Online translation of Alan of Lille’s Complaint of Nature

 

• B.K. Balint, Ordering Chaos: the Self and the Cosmos in Twelfth-Century Latin Prosimetrum (Leiden: 2009).

• C. Burnett, “Scientific Speculations,” in P. Dronke (ed.) A History of Twelfth-Century Western Philosophy (Cambridge: 1988), 151-76.

• P. Dronke, Fabula: Explorations into the Uses of Myth in Medieval Platonism (Leiden: 1974).

• G.D. Economou, The Goddess Natura in Medieval Literature (Cambridge, MA: 1972).

• G.R. Evans, Alan of Lille: the Frontiers of Theology in the Later Twelfth Century (Cambridge: 1983).

• T. Silverstein, “The Fabulous Cosmogony of Bernardus Silvestris,” Modern Philology 46 (1948-49), 92-116.

• A. Speer, “The Discovery of Nature: the Contribution of the Chartrians to Twelfth-Century Attempts to Found a Scientia Naturalis,” Traditio 52 (1997), 135-51.

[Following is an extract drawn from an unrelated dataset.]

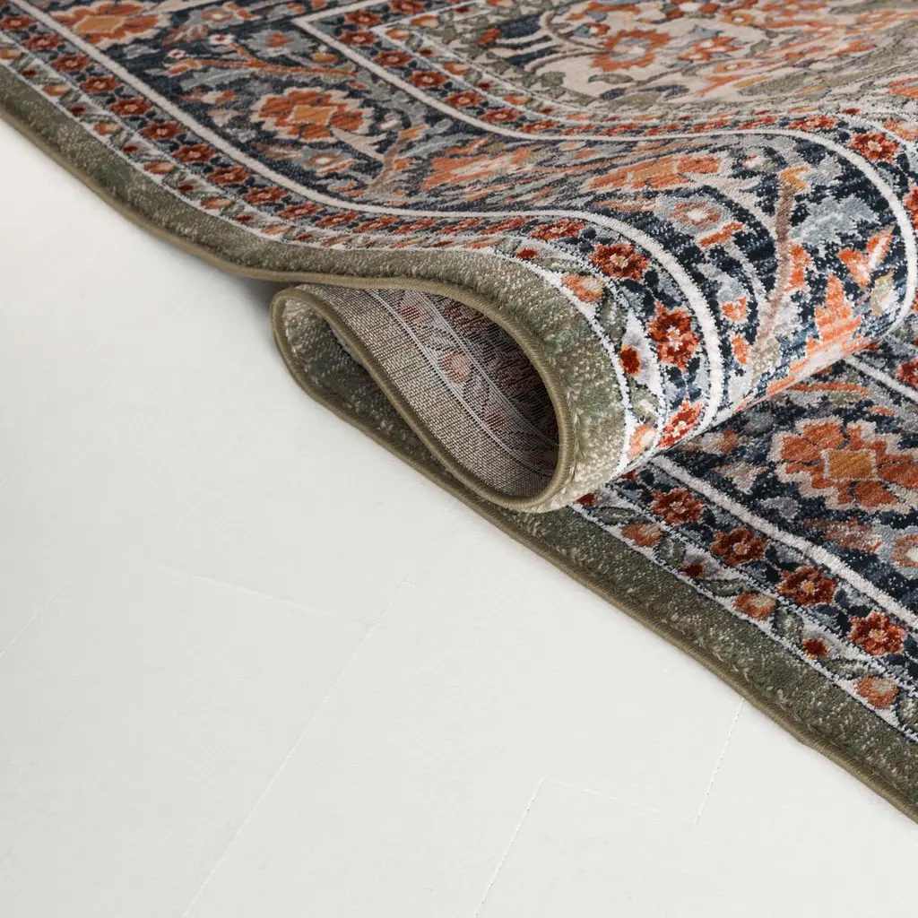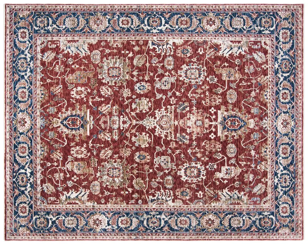 Elevate your living space with this exquisite traditional area rug, crafted with precision in Turkey. Measuring 5 by 8 feet, its medium rectangular shape and 3/8 inch height seamlessly enhance any room. The rich interplay of red and navy hues forms a striking Oriental pattern, bringing a touch of timeless elegance to your home. Expertly power loomed, it combines 65 percent polypropylene, 30 percent cotton, and 5 percent polyester, ensuring a perfect blend of texture and style. This rug not only warms your floor but also adds a layer of sophistication to your decor. Whether under a dining table, in the living room, or gracing your bedroom floor, it offers both beauty and functionality. Embark on a journey of style and tradition with a rug that truly transforms your space.
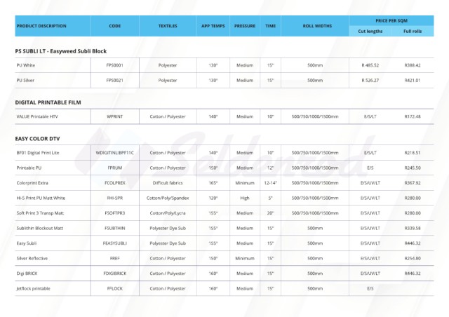 VALUE Printable HTV WPRINT Cotton / Polyester 140º Medium 10" 500/750/1000/1500mm E/S/LT R172.48

• B. Stock, Myth and Science in the Twelfth Century: a Study of Bernard Silvester (Princeton: 1972).

Comments

Rhys William Roark on 8 March 2015

The Book of Nature

Peter,

Excellent episode--one of my abiding intellectual interests, the concept of the Book of Nature and how it touches upon theology, science and even the visual arts (on the latter, thinking of the later Romantic movement's adulation of nature and the love of organic form).

The bibliography will be most helpful.  A question:  you've noted that the concept of the Book of Nature goes back to Antiquity, and this is what I'm wanting to know more about:  where to we see the idea begin or fully constellate and who might be the great names associated with it (the Greek classical period?  Plato? Aristotle?--or might it date back to the Archaic era's natural philosophers?)?  And then I would be interested in its passing to Early Christianity

(My ultimate motivation here is linking all this to the rise of modern science--thinking of Peter Harrison's book The Bible, Protestantism and the Rise of Natural Science, where the Reformational traditon essentially rejects the whole idea of the Book of Nature so the Bible could be the only authoritative Book / Text in understanding the world [incl. the turning to greater historical literalism of its stories].  This, in turn, then creates the space for a more scientific, mechanical understanding of nature, over its more humanistic, allegorical interpretations tha tis the Book of Nature.)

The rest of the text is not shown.